Internal API changes visible to kernel developers include:
- The generic IRQ layer
has been merged. The SA_* flags to request_irq()
have been renamed; the new prefix is IRQF_. A long series of patches
has converted in-tree drivers over to the new names; The old names
are scheduled for removal in January, 2007.
- 64-bit resources are now
supported. This change affects a number of users of the resource
management API.
- The kernel lock
validator has gone in, along with a number of fixes for potential
deadlocks found by the validator.
- At long last, the devfs subsystem has been removed.
- An API and support for
the Intel I/OAT DMA engine.
- The skb_linearize() function has been reworked, and no longer
has a GFP flags argument. There is also a new
skb_linearize_cow() function which ensures that the resulting
SKB is writable.
- Network drivers should no longer manipulate the xmit_lock
spinlock in the net_device structure; instead, the following
new functions should be used:
int netif_tx_lock(struct net_device *dev);
int netif_tx_lock_bh(struct net_device *dev);
void netif_tx_unlock(struct net_device *dev);
void netif_tx_unlock_bh(struct net_device *dev);
int netif_tx_trylock(struct net_device *dev);
- The long-deprecated inter_module API has finally been removed
altogether.
- A new kernel API providing access to the "inotify" functionality has
been added.
- The old scsi_request infrastructure has been removed, since
there are no longer any in-tree drivers which use it.
- The include file <linux/usb_input.h> is now
<linux/usb/input.h>.
- The VFS get_sb() filesystem method has a new prototype:
int (*get_sb)(struct file_system_type fstype, int flags,
const char *dev_name, void *data,
struct vfsmount *mnt);
The mnt parameter is new; it allows the filesystem to receive
a pointer to the target mount point structure. The mount point should
be associated with the superblock in the get_sb() method with
a call to:
int simple_set_mnt(struct vfsmount *mnt, struct super_block *sb);
The return value of get_sb() has also been changed to
an int error status. The various get_sb_*()
convenience functions have had the same changes applied. The purpose
of all this work is to allow NFS to share superblocks across mount
points.
- The statfs() superblock operation has a new prototype:
int (*statfs)(struct dentry *dentry, struct kstatfs *stats);
The old struct super_block pointer is now a dentry
pointer instead.
- Some functions have been added to make it easy for kernel code to
allocate a buffer with vmalloc() and map it into user space.
They are:
void *vmalloc_user(unsigned long size);
void *vmalloc_32_user(unsigned long size);
int remap_vmalloc_range(struct vm_area_struct *vma, void *addr,
unsigned long pgoff);
The first two functions are a form of vmalloc() which obtain
memory intended to be mapped into user space; among other things, they
zero the entire range to avoid leaking data.
vmalloc_32_user() allocates low memory only.

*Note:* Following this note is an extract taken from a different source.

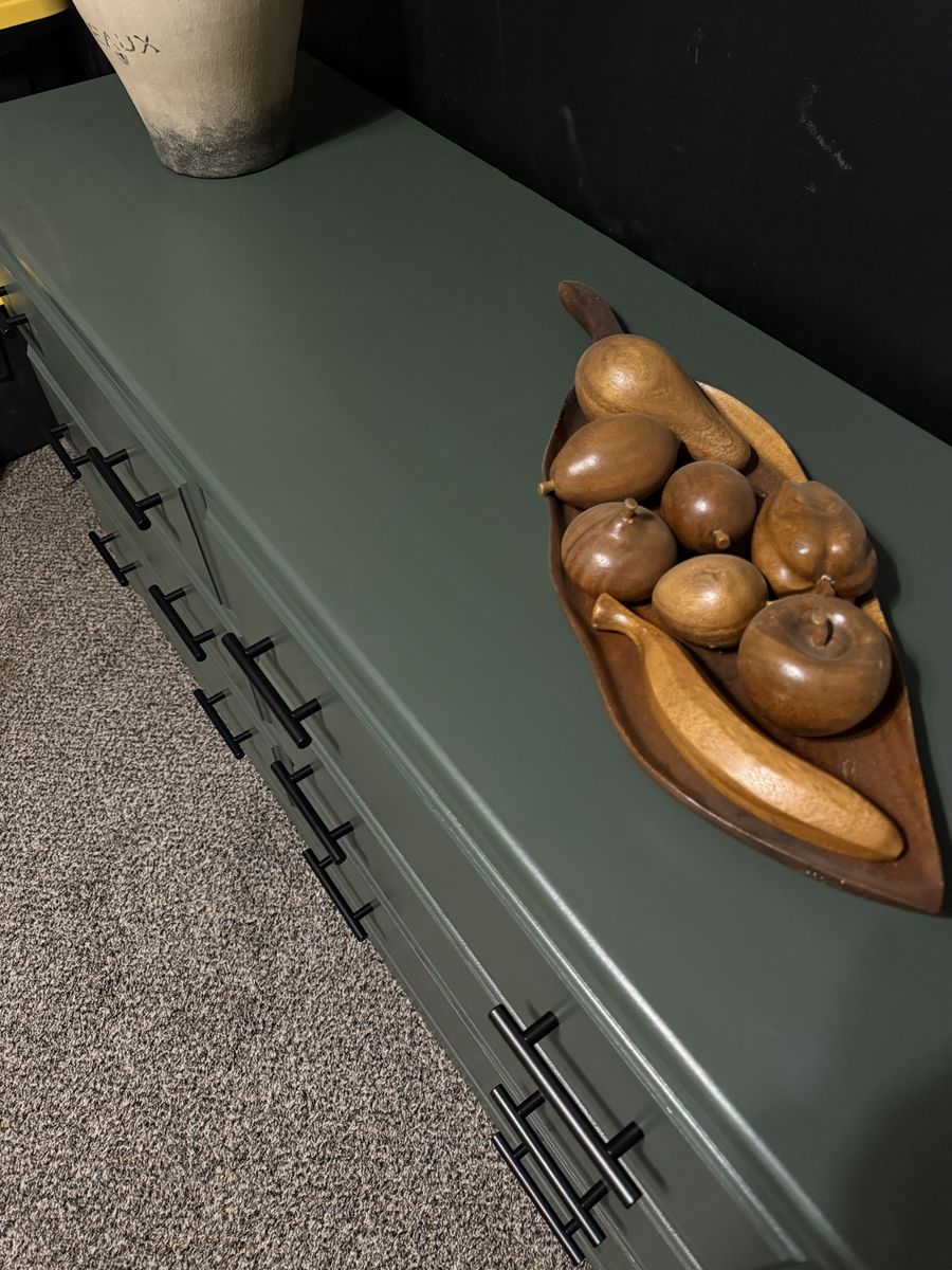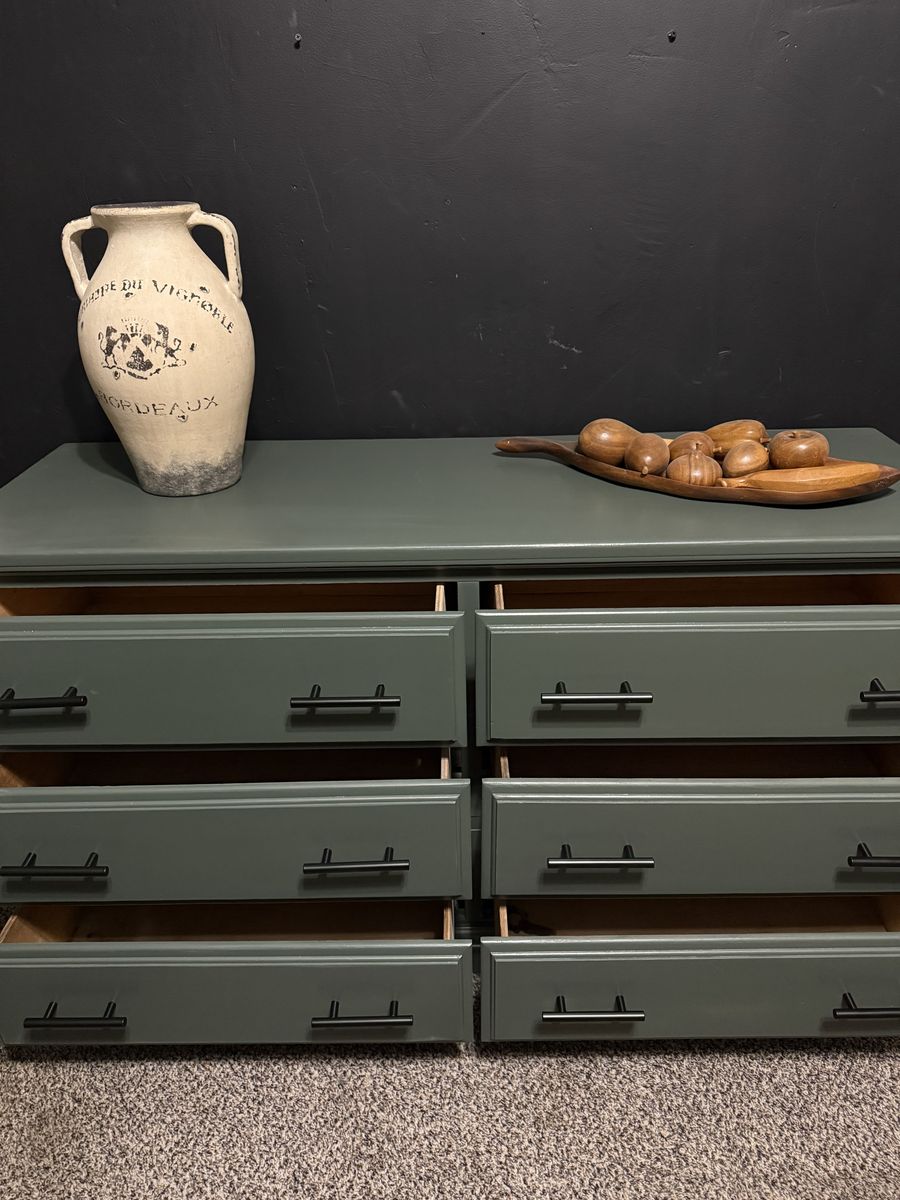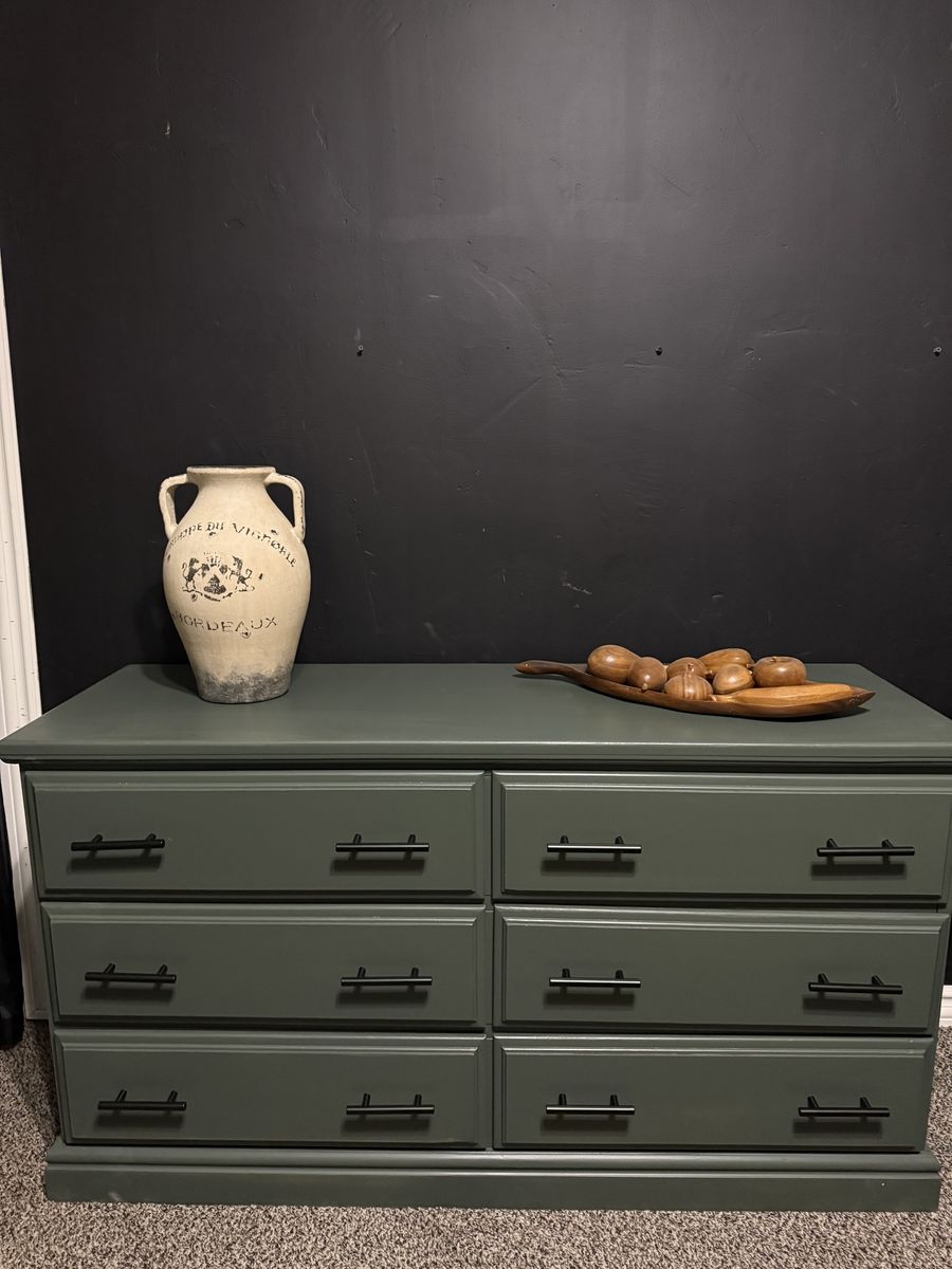 VenmoSolid wood dresser refinished in dark green with matte black pulls. Dresser has 6 drawers thats run on original wooden center track.

A call to
remap_vmalloc_range() will complete the job; it will refuse,
however, to remap memory which has not been allocated with one of the
two functions above.
- The read-copy-update API is now accessible only to GPL-licensed
modules. The deprecated function synchronize_kernel() has
also been removed.
- There is a new strstrip() library function which removes
leading and trailing white space from a string.
- A new WARN_ON_ONCE macro will test a condition and complain
if that condition evaluates true - but only once per boot.
- A number of crypto API changes have been merged, the biggest being a
change to most algorithm-specific functions to take a pointer to the
crypto_tfm structure, rather than the old "context" pointer.
This change was necessary to support parameterized algorithms.
- There is a new make target "headers_install". Its purpose is
to install a set of kernel headers useful for libraries and user-space
tools. A limited set of headers is installed, and those headers are
sanitized on their way to the destination directory. It is hoped that
distributors will use this mechanism to set up kernel headers for
inclusion from user space in the future.
As of this writing, the 2.6.18 merge window has closed, so there probably
will not be a whole lot of additions to the above list.